Melbourne’s property market is set for a rapid recovery once COVID-19 restrictions start to ease, with vendors already preparing to list once the dust settles.
Popular family neighbourhoods, blue-chip suburbs and Victoria’s up-and-coming regional towns are tipped to bounce back the fastest from the unexpected property downturn.
Propertyology director Simon Pressley said strong market conditions before the pandemic would help the city recover in as little as six months.
“We’ve got the lowest interest rates in most Australians’ lifetimes and we’ve only got to cast our minds back about six weeks ago to see clearance rates going through the roof and double-digit price growth,” Mr Pressley said.
“The same reason it was happening then is why it will happen again once we come out of our cocoons.”
He said three years of strong median house price growth after Australia’s recession in the 1990s and the Global Financial Crisis suggested the market would rapidly rise again once shutdown restrictions ended.
Propertyology research also showed booming towns including Bendigo, Warrnambool and Mildura would remain fairly bulletproof during the crisis, with low rent supply and high job growth.
Narre Warren North, Box Hill and Blackburn were among suburbs that had the largest price gains between the GFC and coronavirus, according to realestate.com.au.
Chief economist Nerida Conisbee said they would be some of the areas that recovered fastest due to their owner-occupier appeal.
“Melbourne’s middle ring will do quite well … especially if you’ve got a house in a location that’s connected to good schools, public transport and not too expensive,” Ms Conisbee said.
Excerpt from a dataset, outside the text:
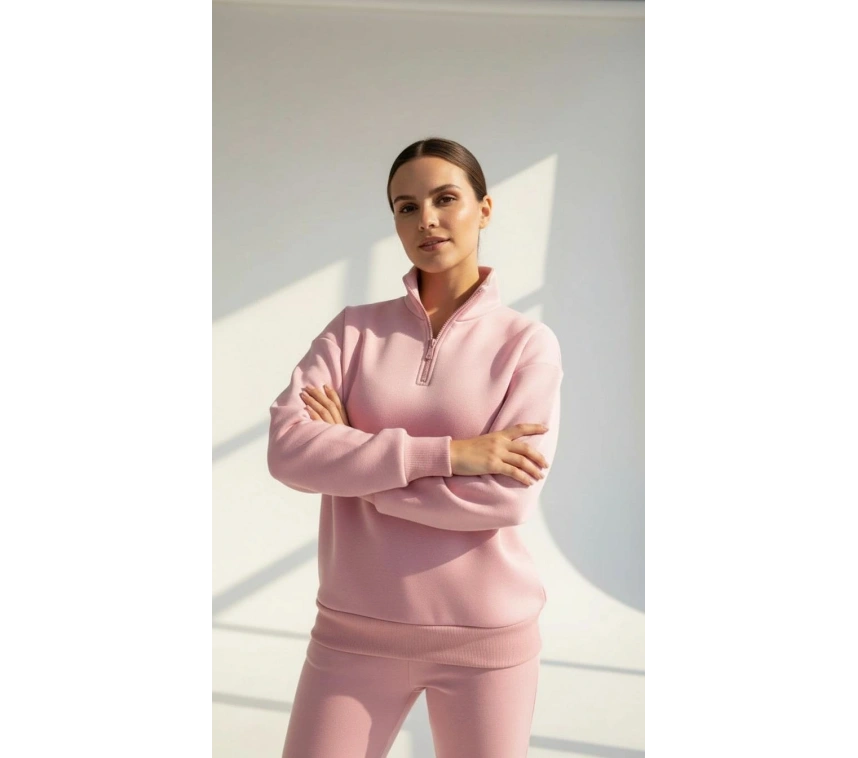 3 iplik Şardonlu yarım fermuarlı sweatshirtü ile tarzınızı konuşturun! Şıklığı ve rahatlığı bir arada sunan bu sweatshirt, somon rengiyle göz kamaştırıyor. İşte ürünün öne çıkan özellikleri:

Ripehouse Advisory called Albert Park the state’s most likely “safe haven” against coronavirus in their latest research.
Jellis Craig Richmond agent Trent Stewart said blue-chip suburbs were usually the first to recover fastest from crises.
“We’re certainly expecting things to bounce back pretty quickly because buyer confidence was on the way up prior to this,” Mr Stewart said.
“At the moment a lot of people are talking to us about bringing their properties onto the market around springtime, so we believe there will be a lot of quality stock later this year.”
CoreLogic analyst Kevin Brogan expected public auctions to be quickly adopted again once bans were called off.
“I think there’s potential for a strong response, but it does depend on the duration of social distancing requirements and impacts on the broader economy,” Mr Brogan said.
“Stimulus packages are keeping the basic elements of the economy as strong as they can be … so there’s certainly reason for some optimism about how the property market will respond in a post-coronavirus world.”